“How much do you need?” Joe asked.
Jared was aware that Maren stared at him. His discomfort level rose with every passing moment. “As much as you can give us. The last thirteen years would be good.”
Joe nodded. “That’s about when Shepherd and his ‘invisible partner’ took over.” Joe had worked at Rainbow’s End for the past fifteen years, ever since he and Maren had come to Aurora. “They bought the place out from Eric Svenson.” Joe thought back. “Svenson sold out rather abruptly,” he recalled. “Looking back, he must have been pressured.”
Jared debated giving the other man the information he’d just become privy to as he’d left Janelle’s office. “They found Eric Svenson’s body stuffed into an eighteen-gallon drum that washed ashore late Monday night.”

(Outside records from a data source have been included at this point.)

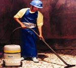 The very important stage is to clean the floor thoroughly by using high pressure jet. This removes all the dirt and layers of calcinations and other algae. The remaining dirt is removed by using a heavy duty industrial vacuum cleaner making the floor completely clean and dirt free.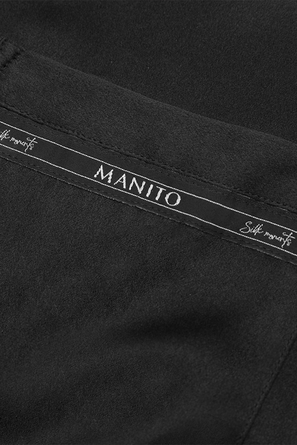 The MANITO Noir Ruban Collection showcases timeless tailoring infused with trendy elements, such as iconic logo accents and adorned straps, resulting in an elevated and fashionable ensemble.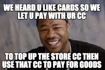 Funny we heard u like cards so we let u pay with ur cc to top up the store cc then use Meme Template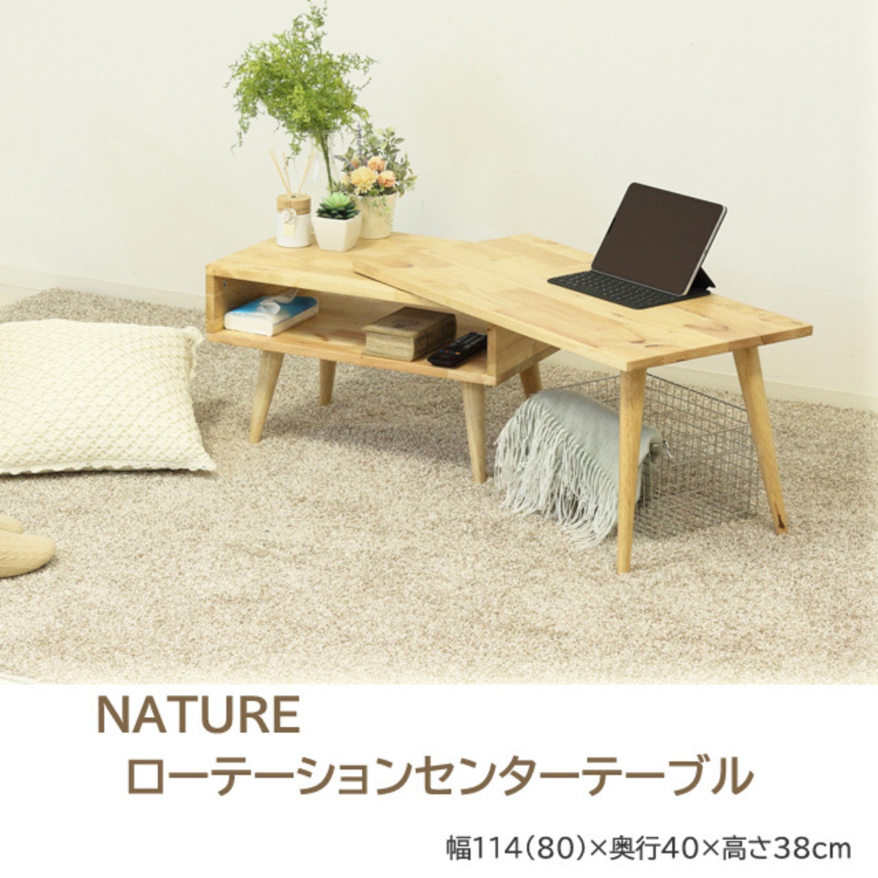 NATURE ローテーションセンターテーブルは、限りある資源を大切にした、SDGsに配慮した製品です。節や傷を丁寧にパテ埋めした木材を使用しているため、美しい仕上がりになっています。また、天然木の風合いをそのまま活かしたデザインは、部屋にやさしい雰囲気をもたらし、自然の温もりを感じられるアイテムです。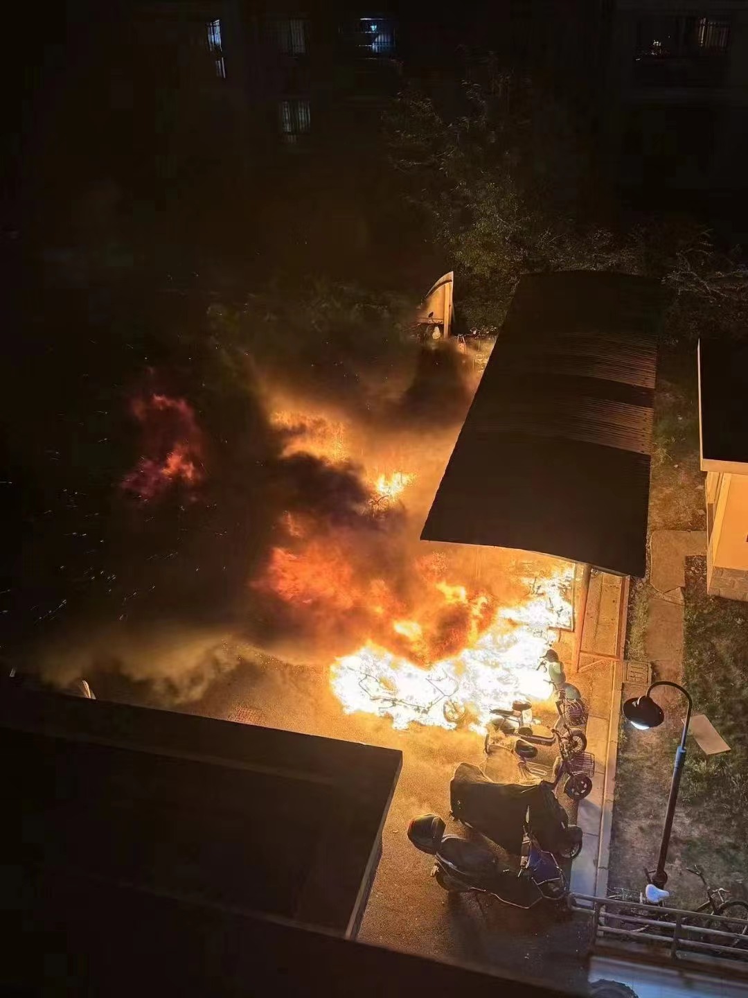 兩人火速趕到現(xiàn)場,發(fā)現(xiàn)車棚內(nèi)多輛電動自行車正在猛烈燃燒,火勢較大濃煙滾滾,同時還夾雜著噼噼啪啪的聲音,更為嚴重的是車棚旁還停放著5輛汽車,火勢如得不到及時有效控制,不但會造成巨大的財產(chǎn)損失,而且還會威脅到小區(qū)居民的生命安全。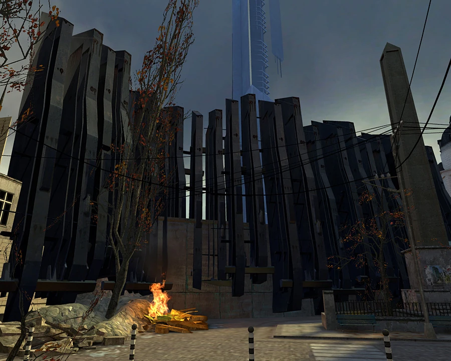 An enormous structure that circles the entire city. Cameras line every inch of its surface, with armed Simulants patrolling the ground around it. The bottom of The Wall is constructed of steel, and continues down into the earth for tens of meters. The upper half of the wall is constructed from concrete, several meters thick. There a three points of entry through the wall, one on the west, one on the north near OLD The Corporation, and one at the sea to the east where OLD The Dock is located. The top of the wall has a gangway where armed Simulants also patrol.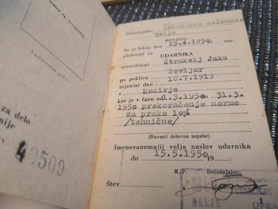 - UDARNIŠKA IZKAZNICA ministrstvo za delo federativne ljudske republike Jugoslavije, 1950, čevljar, čevljarstvo - 29€,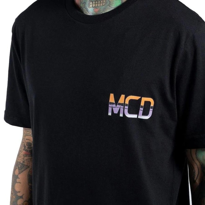 Camiseta MCD com meia malha penteada, fio 30/1, estampa frontal e traseira, modelagem regular e etiquetas personalizadas.
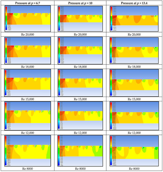 The detailed results of this comparison are presented in Figure 8. It was observed that the RNG renormalization k-ε model significantly disrupted the streamline flow and provided Nusselt number values closer to those predicted by the empirical equation. In contrast, the other models either overestimated or underestimated the Nusselt number. As a result, for simulating heat transfer in the current study, the RNG renormalization k-ε model was selected, in agreement with reference [23]. In addition, Figure 8 shows a new form of the correlation formula for the Nusselt number Nu, taking into account 3 different ranges of the Prandtl number Pr [33].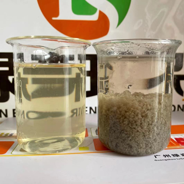 綠森環保技術團隊應某化妝品客戶要求上門技術服務,現場給客戶廢水破乳劑中試。客戶廢水:沐浴露廢水,特點:含有乳化劑、增稠劑、抗氧化劑、防腐殺菌劑和香精色素等,廢水顏色:淺黃色。使用破乳劑破乳后廢水上清液清澈透明,如下圖       &nbs···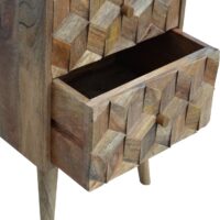 The main feature of this bedside are the carved cube drawer fronts which make the pieces from this collection stand out. It has been constructed from 100% solid mango wood in an oak-ish finish and stands on 4 Nordic-style legs. It can be partnered with the other pieces from the range or stand individually as its style is versatile and can fit into different types of interiors.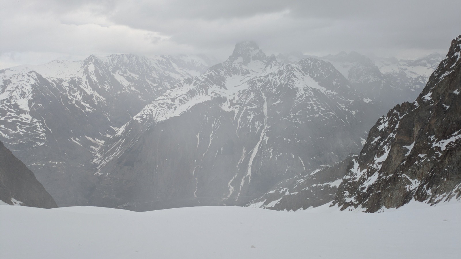 Conditions pour le ski : bon regel sur la partie à ski jusqu'à l'étroiture à presque 3000m. La barre passe bien en diagonal. Par contre la neige est pourrie en profondeur sur la suite (1m de neige consistance en dessous des 10cm regelés, très compliqué de monter...)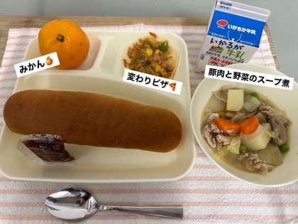 今日の献立は、豚肉と野菜のスープ煮、変わりピザ、みかん、大型コッペパン、いちごジャム、牛乳です。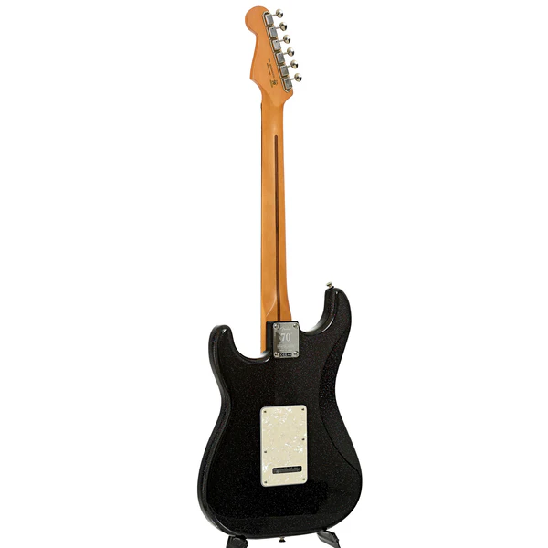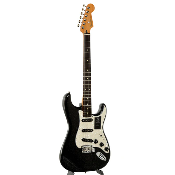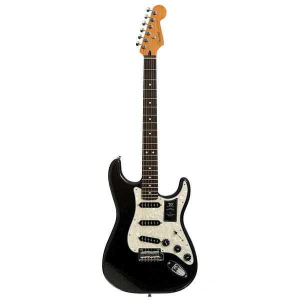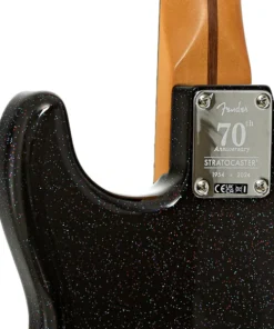 La Fender 70th Anniversary Player Stratocaster è una celebrazione dell’iconico design Stratocaster, combinando l’estetica classica con caratteristiche moderne per soddisfare le esigenze dei musicisti contemporanei. La finitura Nero non solo cattura l’attenzione con la sua luminosità cangiante, ma rende anche ogni strumento unico nel suo genere.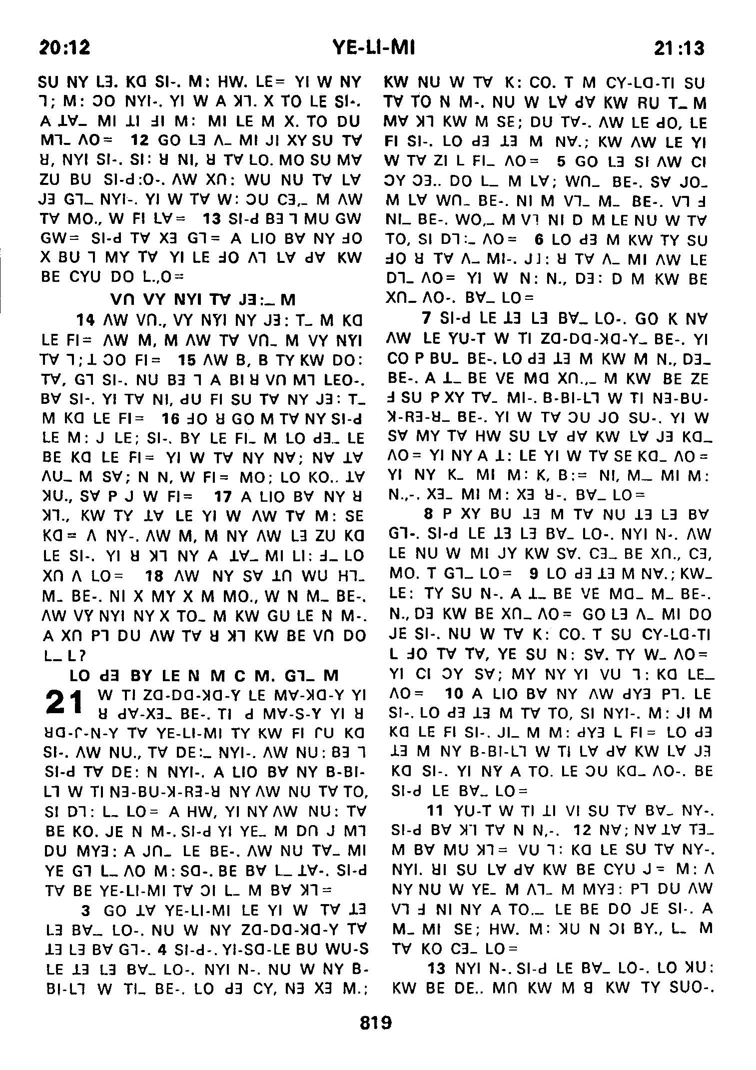 1980年傈僳語聖經全書 耶利米書 20 章 12 節到 21 章 13 節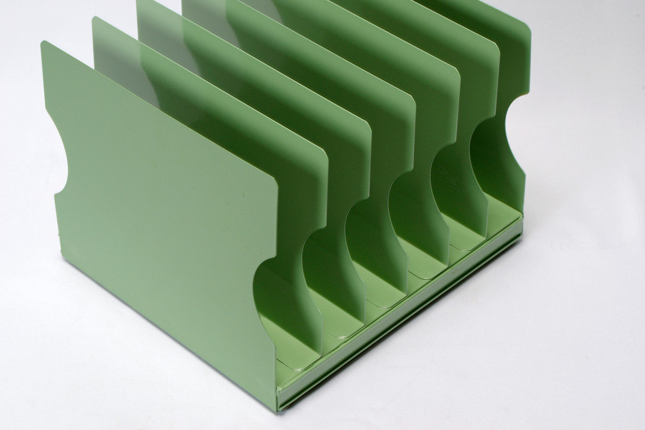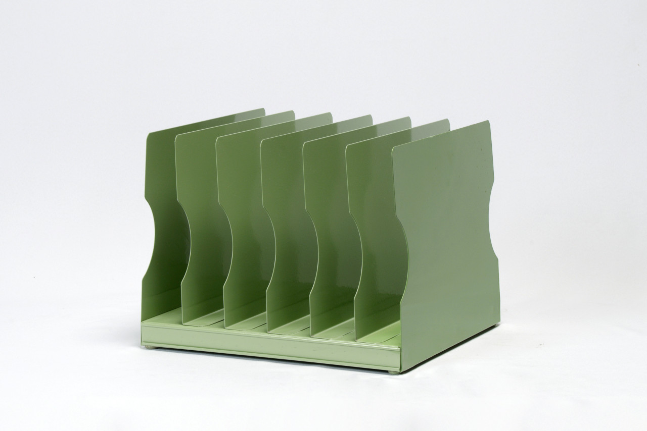 Wonderfully retro desktop file organizer from the 1940s. Vintage steel refinished in Sage Green powder coat (RAL6021). Six slots, perfect for keeping all your important papers in one tidy place.

Joe paled as the words sank in. He looked at Maren. “I’m sorry, baby, I should have never let you come to work here.”
As if she could blame him for anything, she thought. It was just her anger over being duped that had had her lashing out before. That and her fear that something could have happened to Papa Joe. She laid her hand on his shoulder. “You didn’t know Shepherd had connections to the mob then, did you?” Joe shook his head. “Then you have got nothing to be sorry for.” Her eyes frosted over as she turned them toward Jared. “Unlike some people.”
She had every right to be angry at him, but he needed to clear things up between them. “Maren—”
Joe looked from his daughter to Jared. “I think you two need to talk this out. I’ll give you a minute alone,” Joe said, retreating.
“I don’t want a minute alone with him,” Maren insisted. But Joe walked out of the room anyway. His footsteps faded down the hall.
Jared tried again, but got no further than the first time. When he said her name, Maren whirled around to face him, nothing less than fury in her eyes. Her look forbade him to take another step toward her.
“Was bedding me part of it?”
The question stunned him. “No—”
Again she wouldn’t let him finish. “Then I guess that was just a little bonus, a perk for a job convincingly done.”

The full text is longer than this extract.